Updated: Apr 8
There are many known health benefits of gardening. On the physical side, it can be good exercise, boost your immune system, and, if you grow veggies, improve your diet. On the mental health side, gardening can lower anxiety and stress, increase wellbeing, and build community.
Do those health benefits apply if the gardening is virtual? While the scientific literature has little to say on this topic specifically, it does show that video games can benefit mental health, and my hunch is that virtual gardening could yield mental health benefits similar to those of gardening in real life.
126 million people played Minecraft across multiple platforms in 2020, including my two daughters, who constructed beautiful buildings, amusement park rides, and exotic landscapes on it during the last year. It’s been a great refuge for collaboration, learning, and creativity for them during a highly stressful time.
If you (or someone you know) loves Minecraft and gardening, you might be interested in a job posted recently by Whatshed, a company in Britain that helps people buy (real) garden sheds.
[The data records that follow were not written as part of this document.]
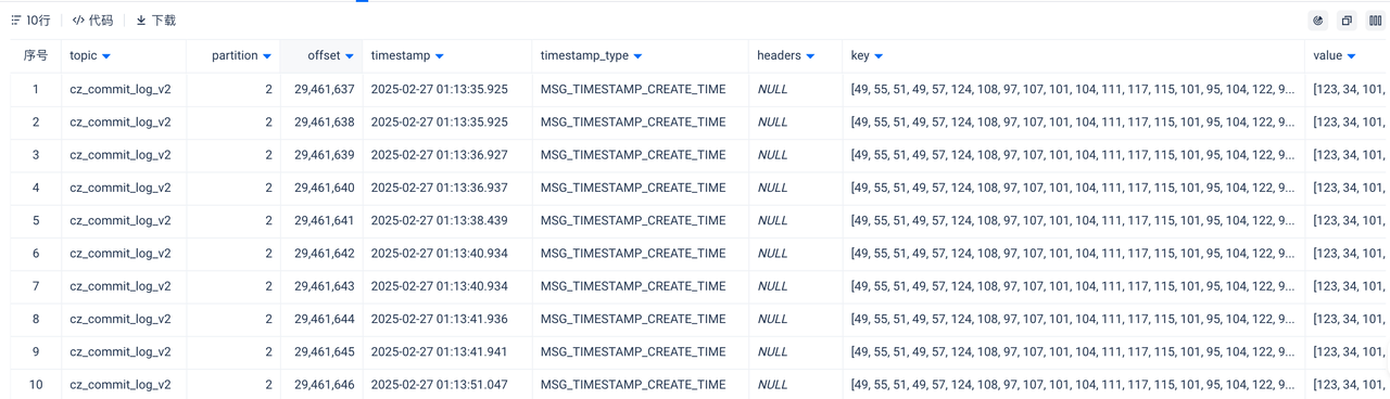 kafka 数据中的 key 和 value 都是 binary 类型。通常我们更关心的是 value 的内容。如果其中本来存放就是字符串,可以在 select 的时候 cast 成 string 来快速探查其中内容。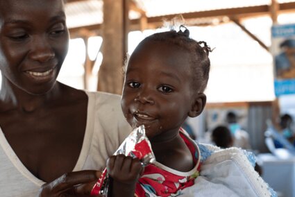 Das einjährige Mädchen aus dem Südsudan wird in einem UNICEF-Ernährungszentrum behandelt. Ihre Mutter brachte sie dorthin, als sie bemerkte, dass die Tochter immer schwächer wurde. Jenty schwebte in Lebensgefahr. Mit hochwirksamer Erdnusspaste kam das Mädchen langsam wieder zu Kräften.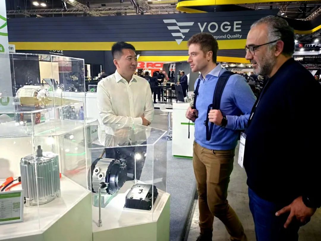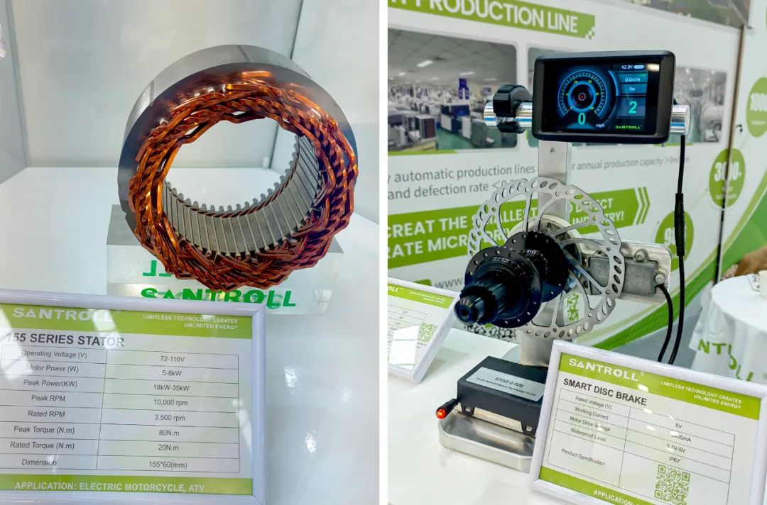 应用于电摩领域的发卡扁线电机和大功率电控产品,性能配置都属同级竞品中的佼佼者,受到不少国际客户的青睐,纷纷驻足停留,共同探讨电动化趋势。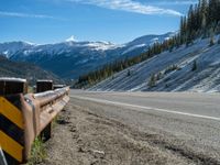In the scenic landscapes of Colorado, a road winds through a snow-covered forest, with majestic mountains as the backdrop. The asphalt road cuts through the serene winter scene, inviting travelers to explore the natural beauty of the area. Snow-capped trees and a clear blue sky create a picturesque foreground, while fluffy clouds add a touch of drama to the landscape. This stunning scenery captures the essence of Colorado's natural wonders, making it a perfect destination for nature lovers and adventure seekers.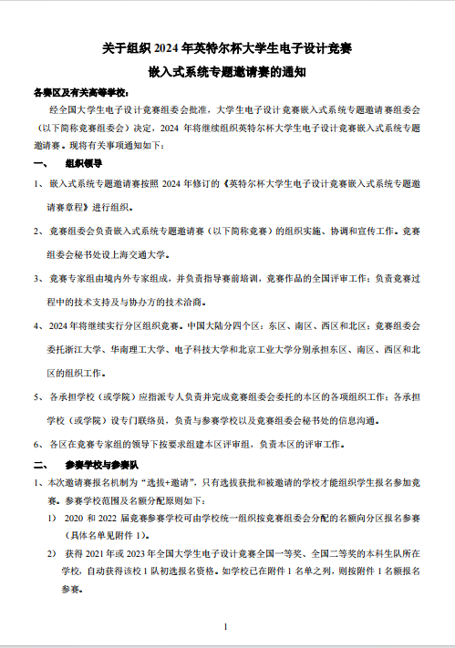 关于组织2024年英特尔杯老员工电子设计竞赛嵌入式系统专题邀请赛的通知
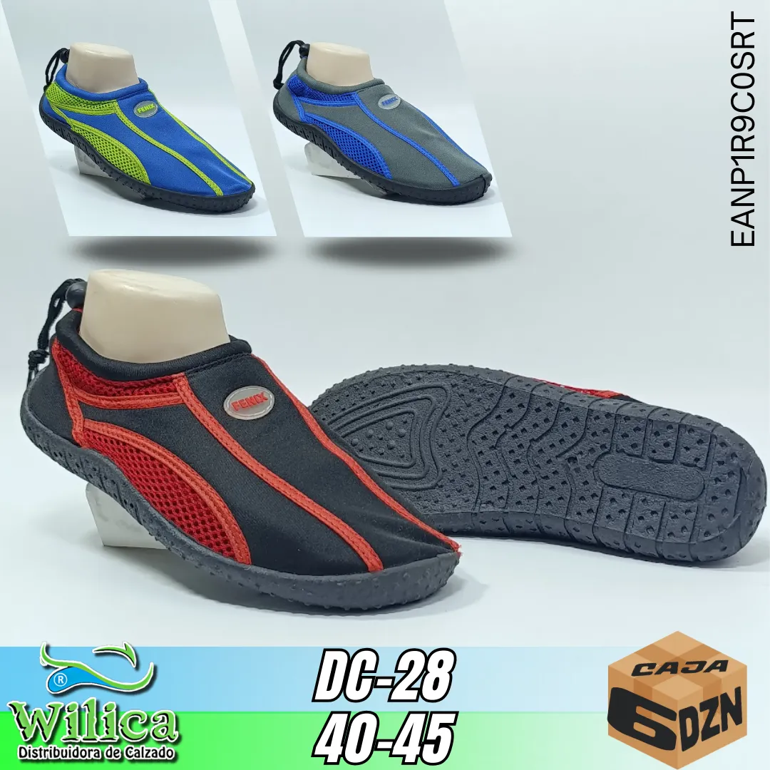 🌊 Los acuaticos DC-28 combinan estilo casual y funcionalidad acuática. Su diseño tipo slip-on con suela texturizada los hace ideales para uso diario o actividades en ambientes húmedos. Tallas del 40 al 45.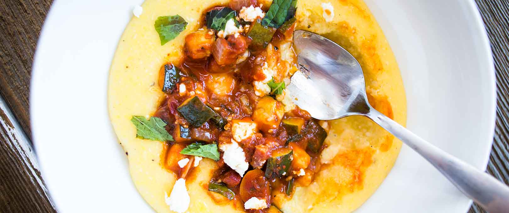 Polenta is the perfect side, thanks to its unique texture and golden color. This recipe focuses on the rich flavors of the tomatoes themselves, which pair quite naturally with polenta.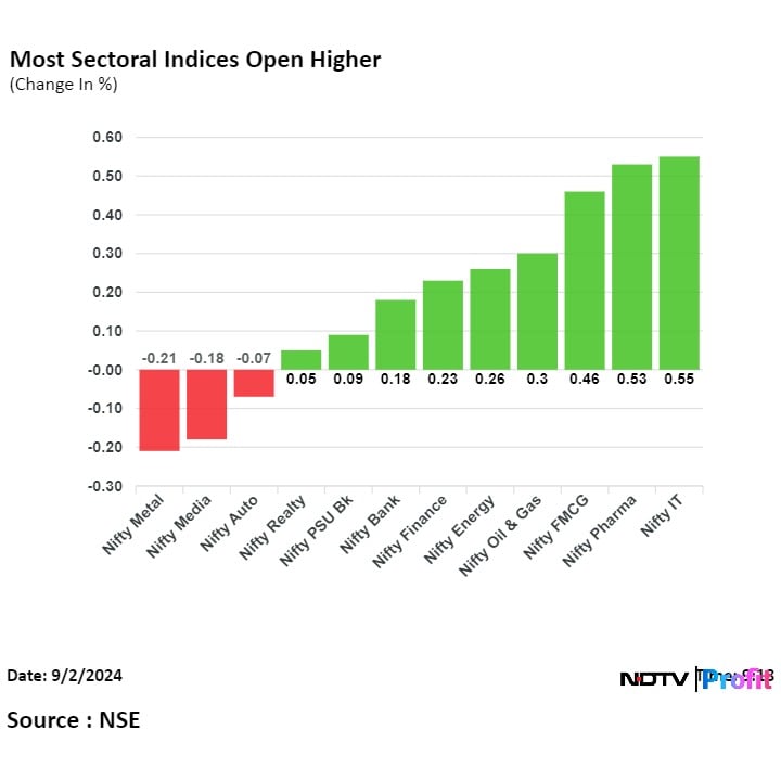 At pre-open, the Nifty was at 25327.45, up 0.36% or 91.55 points and the Sensex was at 82732.95, up by 0.45% or 367.18 points.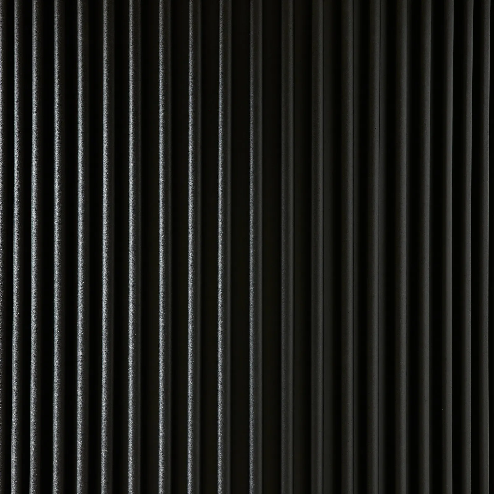 A fluted matte black pedestal base brings architectural depth while maximising legroom. Brushed brass accents frame the top and base, adding a polished contrast to the monochrome palette.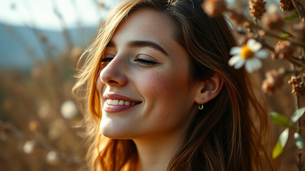 Freckled woman with a serene smile set against a backdrop of soothing naturecore aesthetics, emanating an intense yet peaceful energy; portrayed with the vivid colors and precision akin to a photo captured on Provia film. Her expression exudes a gentle tranquility as if imbued with a dreamy, sleepycore aura, harmonizing with the soft, natural surroundings. The scene encapsulates a blend of calming presence and vibrant detail, inviting a sense of quiet reflection and lively imagination.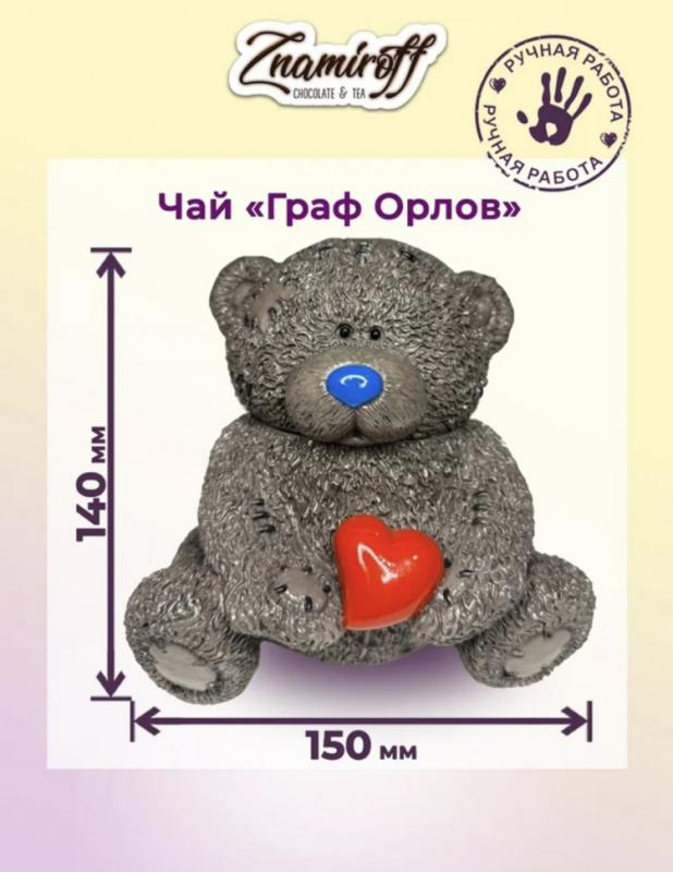 Чай Граф Орлов(чёрный крупнолистовой). Фигурка Мишка (цвет серый) (шкатулка из гипса)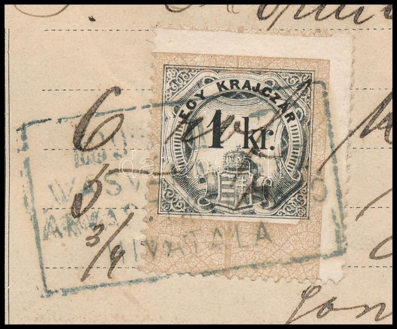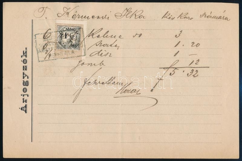 Leírás: 1895 Haas Sándor körmendi divatkereskedő árjegyzék-számlája okmánybélyeggel, hátoldalán rajzos árureklámmal
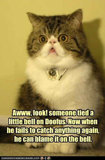 Awww, look! someone tied a little bell on Doofus. Now when he fails to catch anything again, he can blame it on the bell. He's gawt it where it cownts, tho.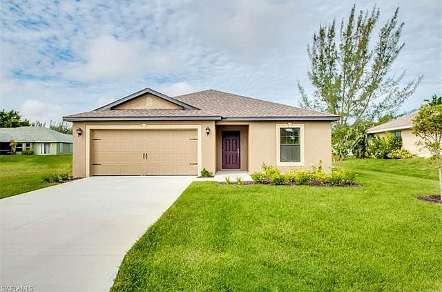 Home is under-construction and the expected completion date is Dec 18, 2017. The Brand New Amelia floor plan is located in the beautiful Cape Coral. This spacious one-story home features 3 bedrooms, 2 baths, and is 1,401 square feet with a 2 car garage. Included in this beautiful new home, are new appliances, custom cabinets, sprinkler system in front and back yards, and a Homeowner Warranty.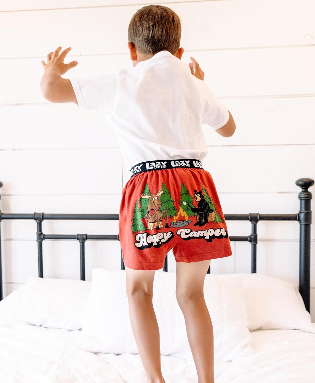 Lazy One Funny Animal Boxers, Novelty Boxer Shorts, Hunorous Kids' Underwear, Gag Gifts for Boys(Happy Camper Kids Boxer Red)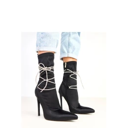 Výjimečné dámské botky vyrobené z elegantního saténu, které přitahují pozornost díky ozdobným šňůrkům zdobeným zirkony. Klenutý špičatý nos a štíhlý 12centimetrový podpatek dodávají celku smyslný a luxusní charakter. Model má 21centimetrový nárt, který krásně zdůrazňuje linii nohou, a praktické zapínání na zip zajišťuje pohodlné obouvání. Interiér je vybaven měkkou látkou bez dalšího vycpávání, což z nich činí ideální volbu na jarně-letní sezónu nebo elegantní události. Jsou to efektní a lesklé botky, které skvěle doplní večerní outfit, dodají jim eleganci a oslnivý charakter.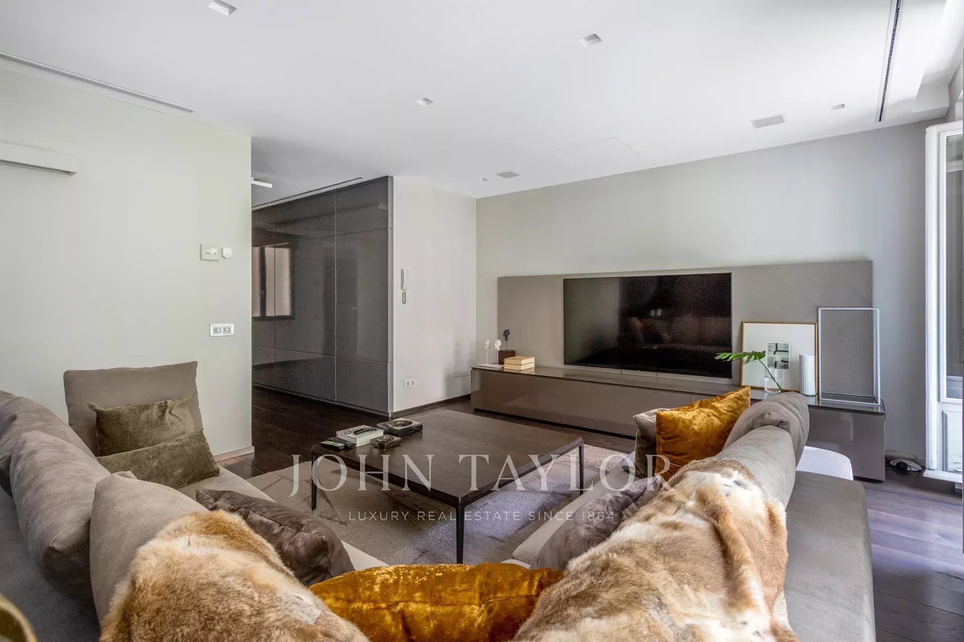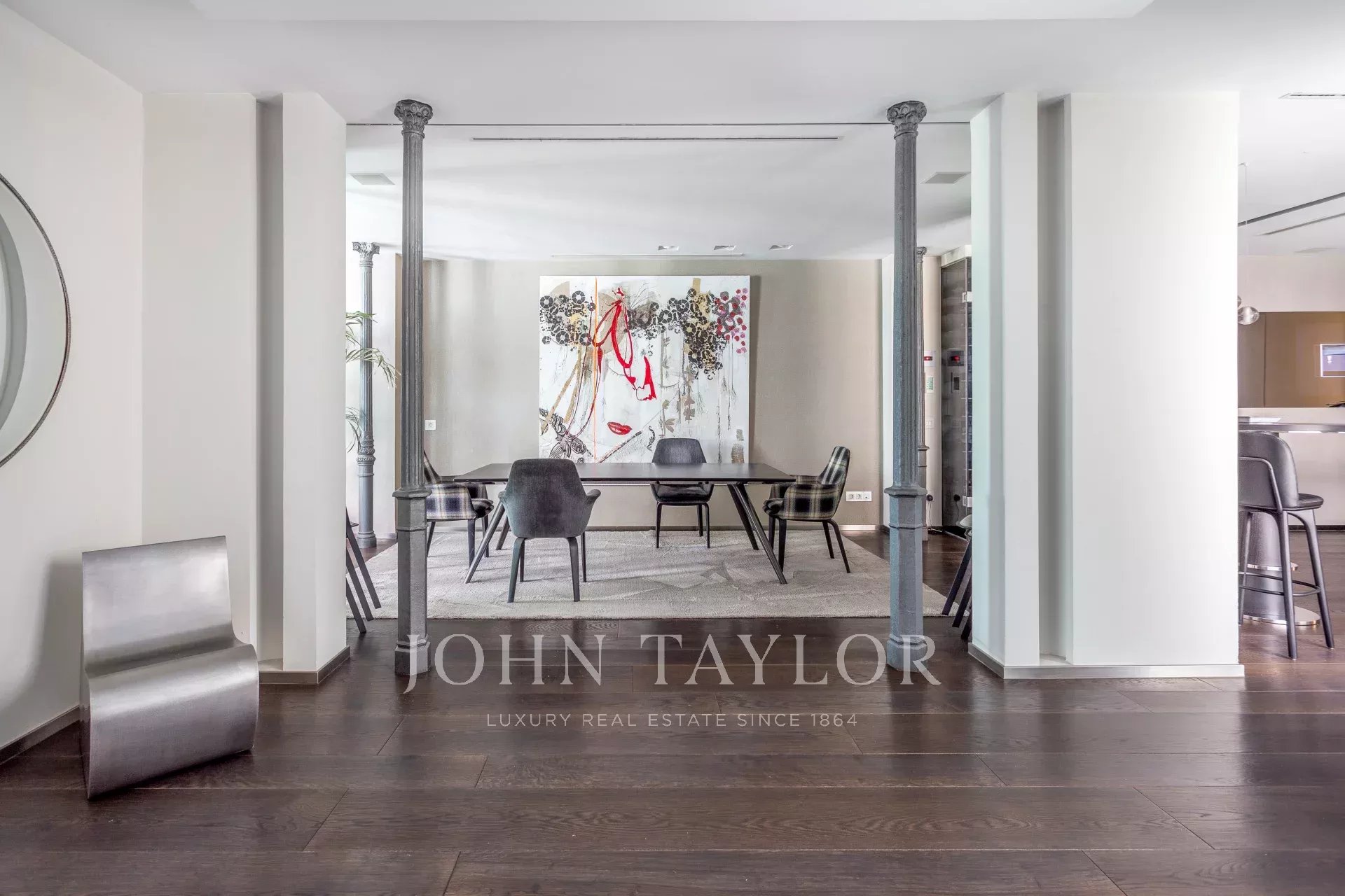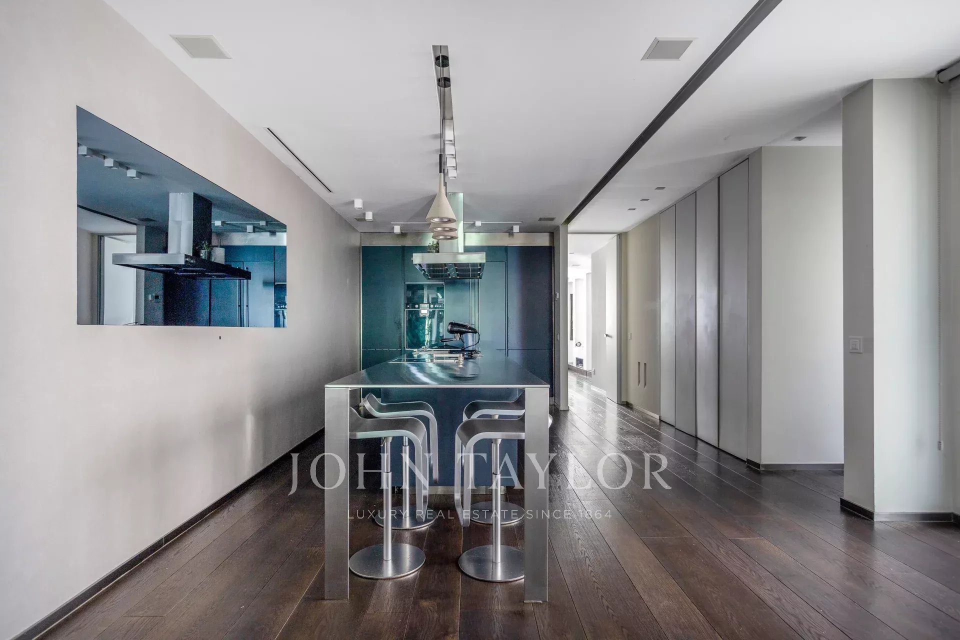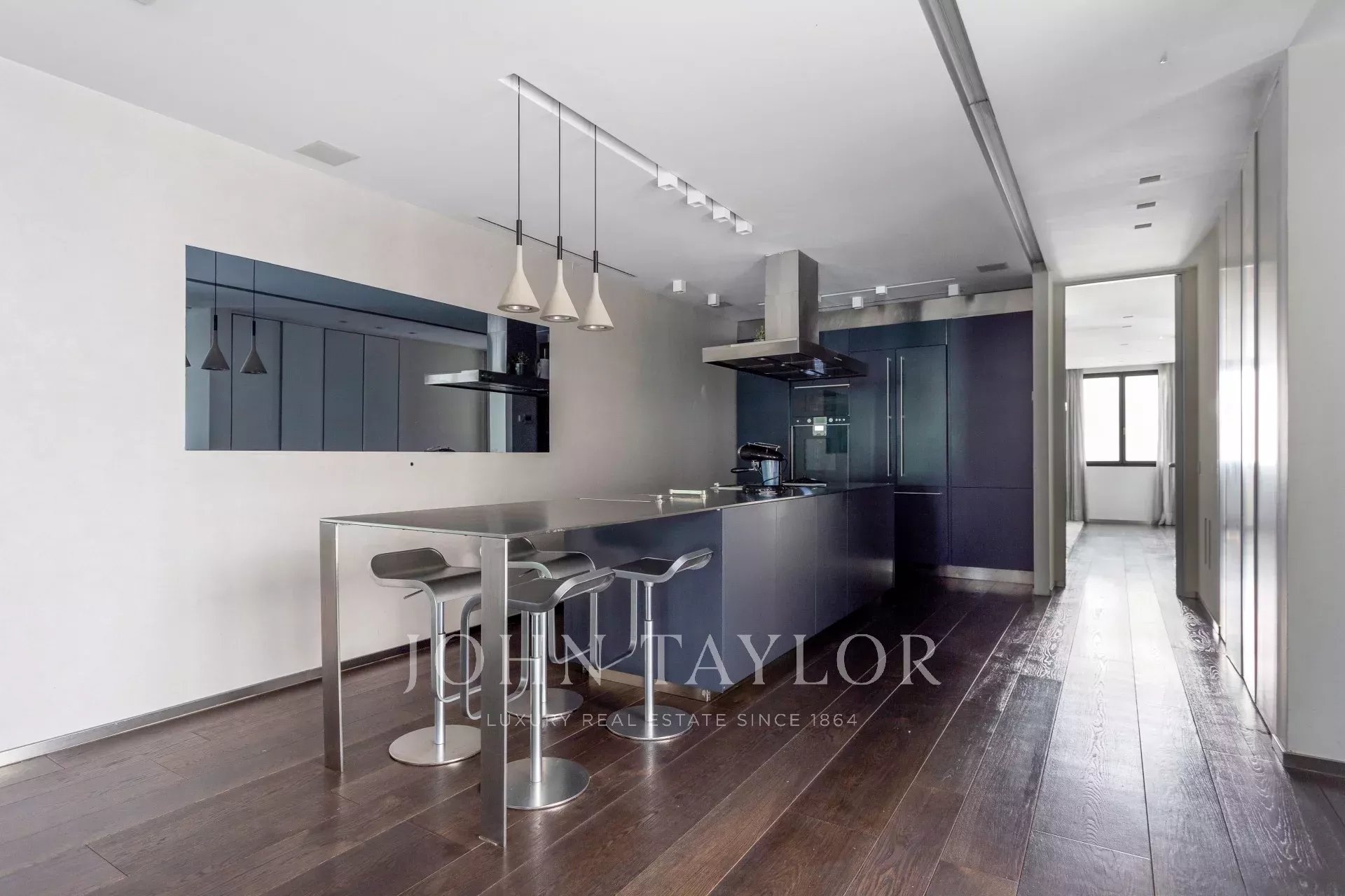 L'appartement dispose d'un espace social ouvert comprenant un salon avec deux balcons et un point de vue sur la rue, une grande salle à manger, des toilettes pour les invités et une cuisine moderne Gaggenau entièrement équipée des meilleurs appareils électroménagers.

They are offering 50 pounds per hour (about $70 US) for the job of helping others design virtual gardens in Minecraft, and you can work from anywhere. They are recruiting “a collective of virtual landscape gardeners to provide professional advice to players looking to improve their in-game outdoor space.” Applicants must be good at Minecraft, demonstrate “creative flair” and “a passion for gardening/the outdoors.”
The job market gets more interesting every day! Could this job be for you or someone you know?